▸ **What needs to be done**
When you write out the listing, keep each word exactly as it stands but include none of its images.

▸ **Dataset extract**
%%
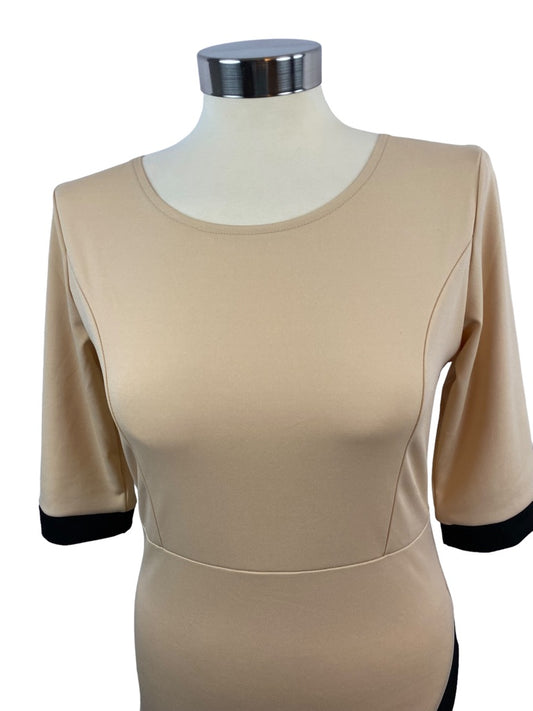 Medium Lupsona Stretch Sheath Dress 1/2 Sleeve Tan Black Trim
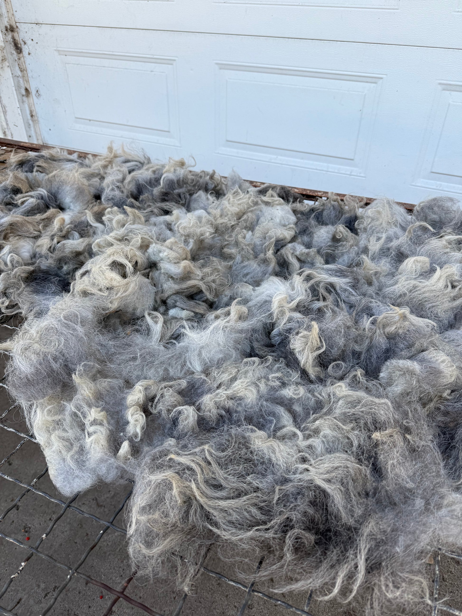 Spring 2025 Navajo Churro fleece from ram, Rowan. His fleece is 1.50 lbs with locks averaging 7 inches.
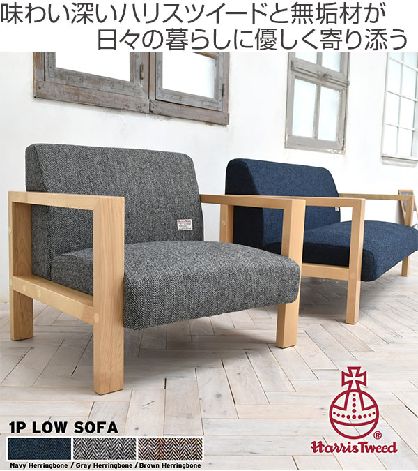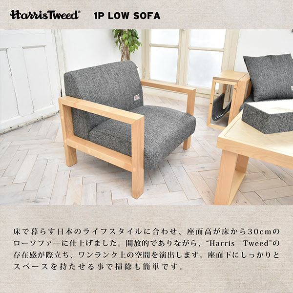 ざっくりとしたウールと色使いが、”味わい深く、美しい”。長く受け継がれる伝統的な生地、ハリスツイードを贅沢に使用した1人掛けのソファです。座面高が床から30cmのロータイプなので、お部屋に圧迫感を与えず空間がすっきりと見えます。開放的でありながら、“ハリスツイード”の存在感が際立つ上質なソファです。
%%
▸ **Result below**
 Medium Lupsona Stretch Sheath Dress 1/2 Sleeve Tan Black Trim
 Spring 2025 Navajo Churro fleece from ram, Rowan. His fleece is 1.50 lbs with locks averaging 7 inches.
 ざっくりとしたウールと色使いが、”味わい深く、美しい”。長く受け継がれる伝統的な生地、ハリスツイードを贅沢に使用した1人掛けのソファです。座面高が床から30cmのロータイプなので、お部屋に圧迫感を与えず空間がすっきりと見えます。開放的でありながら、“ハリスツイード”の存在感が際立つ上質なソファです。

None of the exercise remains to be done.